Wirth's first classification, a populous organized around technology or economics, defines the urban environment quite well. People group together to work in large buildings. The more people the buildings hold, the more jobs that are available, the more people will come to the city and work. To understand the specific order that will comprise our focus is not as simple, however. As we begin to brainstorm ways to show our topics the best, we will have to get to the root of "why are these people here," or "why was this built?" Defining the general reason something is created helps us to look further and understand more about the topic we study.
In Wirth's second generalization, dealing with human interaction, attempts to define the organization of the people who make up an urban area. Revealing the hierarchy is depressing, but in order to categorize people into statistics one has to generalize.

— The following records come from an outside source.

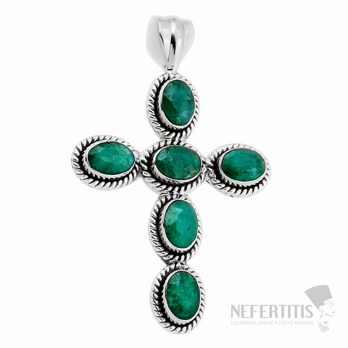 Ein bezaubernder und außergewöhnlicher Silberanhänger in Kreuzform mit geschliffenen indischen Smaragden. Silber 925. Sie erwerben das abgebildete Schmuckstück.
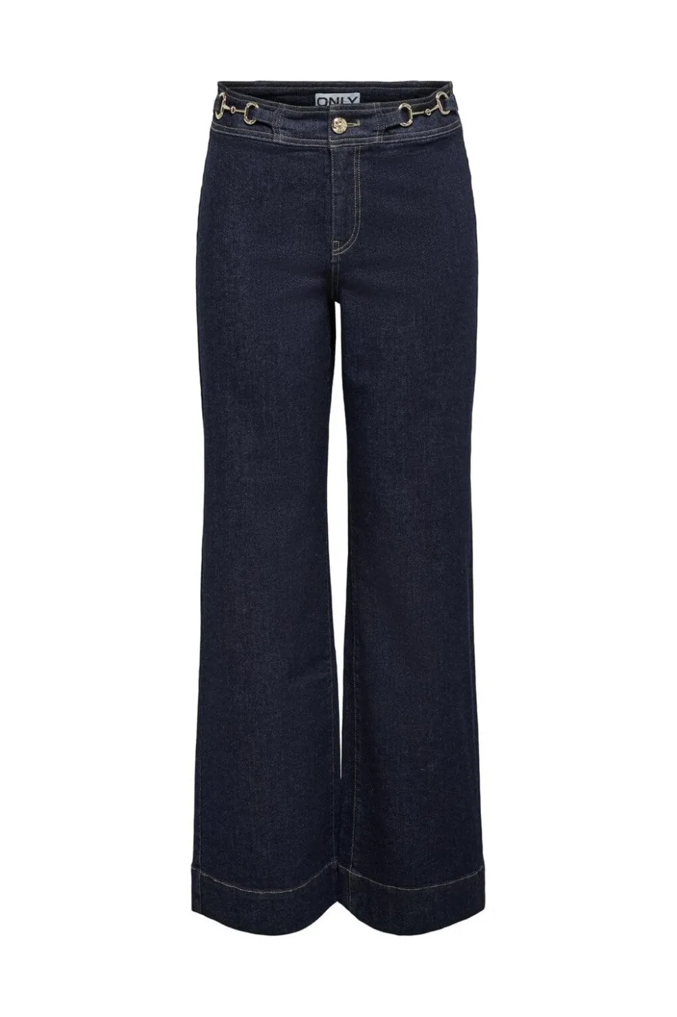 Mørkeblå jeans fra Only med vide ben og ankellængde. Bukserne har høj talje med dobbelt knaplukning og spænde i linningen.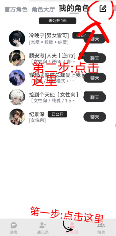 1、点击【AI角色卡】→【我的角色】→点击上方【编辑按钮】可以开始写卡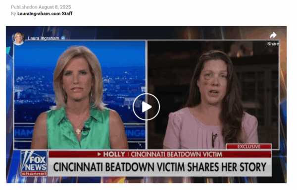 American Renaissance - Aug 15th 2025 6:27pm EDT This video is available on Rumble, Bitchute, Odysee, Telegram, and X. Everyone has heard of “Holly,” the Cincinnati woman who was knocked flat by blacks on July 26 after a Jazz festival. She has spoken publicly, including an interview with Laura Ingraham, in which she said she thought the attack was racially motivated, but she […]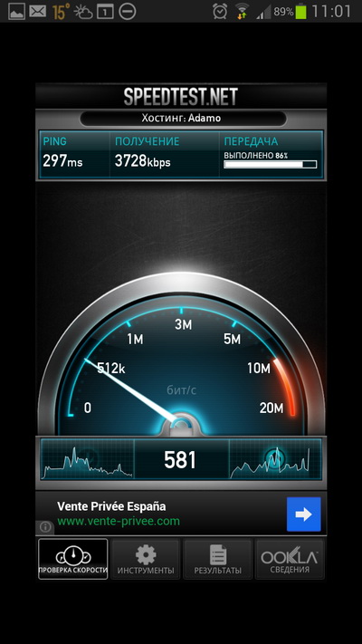 Утилита Speedtest.net Mobile. Красиво и наглядно выдает результаты тестирования интернет-канала.

Wirth continues to berate the human psyche in his third point: people who live in the same area have to have some unifying ideas and goals. He later goes on to prove himself wrong by noting that urbanites flit from social group to social group, rarely staying organized with the same type of people for long. The only solidifying theory that ties urbanites together is the knowledge that all of them could be different. There is more variety of social classes in urban environments than rural, because there are more opportunities and more possible downfalls and expenses.
Understanding the group, not the individual, is what I have learned from this reading. In order to portray an "urban" environment, we have to know what group of people organized to make the area possible.
My Response
This article makes quite a few contradictions, which rather upset me, but perhaps I do not fully grasp Wirth's point. As a writer, I do not like Wirth's style of writing in the slightest, so it makes it difficult for me to see through his choppy and rigid prose. If I understand anything, however, I can see two instances where he directly contradicts himself. First, I will quote Wirth's third generalization: "Urbanism as a characteristic mode of life may be approached empirically from [the perspective] as a set of attitudes and ideas, and a constellation of personalities engaging in typical forms of collective behavior " (102). I have underlined words that I want to emphasize. Before Wirth writes this, however, in the previous section "Heterogeneity," Wirth writes on the topic of the individuals that comprise an urban society: "individuals who are thus detached from the organized bodies which integrate society comprise the fluid masses that make collective behavior in the urban community so unpredictable and hence so problematical" (101). If the society is fluid and behavior unpredictable, how could you understand what was "typical forms of collective behavior?" By his second statement, the reader is to understand that there is no such thing as collective behavior.
To summarize my feelings on this article, I feel that Wirth is a bad writer, and his ideas are muddled and unclear. I still stand by what I wrote in the beginning of this "reader response," but I have to put in my two cents.